Разные мысли одолевали Исаева. Задумываясь над тем, что он стремился сделать, Алексей Михайлович понимал — БИ не единственное, что он успел за свои тридцать пять лет.

Глава третьяВЕРШИНА

12. Возвращение

Уральский период работы закончился, и ОКБ Болховитинова возвратилось домой. Там, в эвакуации, этих минут ждали долго, но, дождавшись, ощутили не только радость. Приехав домой, Исаев получил известие о гибели Крымова.

«Слухи о смерти Юрия Крымова дошли до Москвы с той неправдоподобной быстротой, которой подчас обладают только дурные вести, — писал Юрий Лебединский. — Но слухи были противоречивы, обстоятельства гибели излагались по-разному, и нас радовали эти противоречия, как признак недостоверности слухов, — не очень хотелось им верить».
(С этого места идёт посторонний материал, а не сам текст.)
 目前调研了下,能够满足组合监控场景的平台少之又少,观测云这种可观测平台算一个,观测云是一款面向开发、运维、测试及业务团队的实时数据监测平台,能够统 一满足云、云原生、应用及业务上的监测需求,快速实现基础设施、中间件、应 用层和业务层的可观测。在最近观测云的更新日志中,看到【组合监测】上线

Работая на Урале, Алексей Михайлович никаких известий о Крымове не получал и никаких, даже противоречивых, слухов не слыхал. Подобно родным Крымова его родители находились в эвакуации. И вот теперь это тяжкое, неожиданное известие…

В эти дни Исаев много думал о своем дорогом друге. В тяжкую пору Юрий оказался таким же, каким был всю жизнь, — честным, последовательным, твердым, отважным. На фронт рванулся стремительно. 25 июня 1941 года, на четвертый день вой-ны, уже был пассажиром воинского эшелона. Много писал домой. Опубликовал очерк в «Правде». Среди товарищей по оружию увидел героев той будущей книги о войне, которую так и не успел написать.
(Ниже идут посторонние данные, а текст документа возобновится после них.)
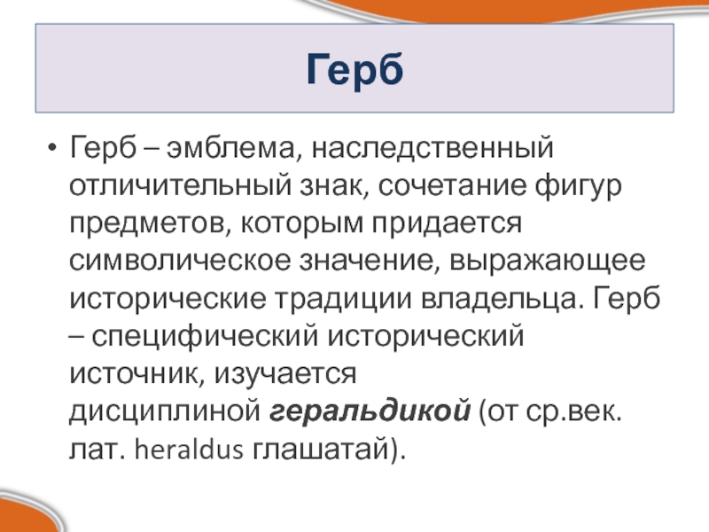 символическое значение, выражающее исторические традиции владельца. Герб – специфический исторический источник, изучается дисциплиной геральдикой (от ср.век. лат. heraldus глашатай).

В сентябре 1941 года связь с Крымовым оборвалась, но два с половиной года еще держалась глубокая вера в чудо его возвращения. А его уже давно не было в живых. Сентябрьский бой под украинским селом Богодуховка, когда с группой товарищей Крымов пытался вырваться из окружения, стал его последним боем. Письмо, залитое кровью, пробитое штыком (на теле убитого Крымова оказалось семь штыковых ран), — последние строки, написанные писателем. Верить во все это было трудно. И когда пронесся слух, что Крымов в партизанах, ему поверили все. Поверили прежде всего потому, что хотели поверить.

После освобождения села Богодуховка колхозник, нашедший тело Крымова, передал военкому все документы, найденные при убитом. Сомневаться больше не приходилось. Среди документов было и предсмертное письмо.
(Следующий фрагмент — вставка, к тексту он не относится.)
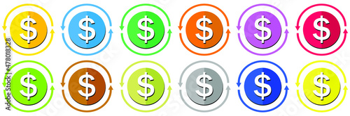 Icon of dollar sign in circle with two arrow. colored USD dollar symbol. Vector illustration

Криминалисты сумели прочитать казалось бы навсегда утраченный текст. Вместе с другими фронтовыми письмами Крымова оно было опубликовано в 1944 году в книге, составившей полное собрание сочинений Крымова. Напечатанная мелким шрифтом на плохой бумаге, эта книга выглядит памятником, который поставили погибшему бойцу его товарищи по оружию.

«Они не предназначены для печати», — писал о фронтовых письмах Крымова Александр Крон, подчеркивая, что перед читателем «документ эпохи, раскрывающий человека, чья жизнь и смерть дают повод для серьезных обобщений».

Узнав о смерти друга, Исаев почувствовал себя осиротевшим.


Работа, которая ожидала Исаева дома, была ничуть не легче той, какую он вел на Урале. Быть может, даже, напротив, труднее. Уже давно растаял тот жаркий оптимизм по поводу возможности боевого использования БИ, который так согревал конструкторов в первые военные месяцы. Тогда все сотрудники ОКБ верили в близкий результат, который незамедлительно ощутят гитлеровцы. К 1944 году все «вот-вот» и «чуть-чуть», оказывавшие такую моральную поддержку, исчезли. Погиб и тот, кому предстояло сделать главный вывод о будущности ракетного самолета, — его испытатель Григорий Яковлевич Бахчиванджи.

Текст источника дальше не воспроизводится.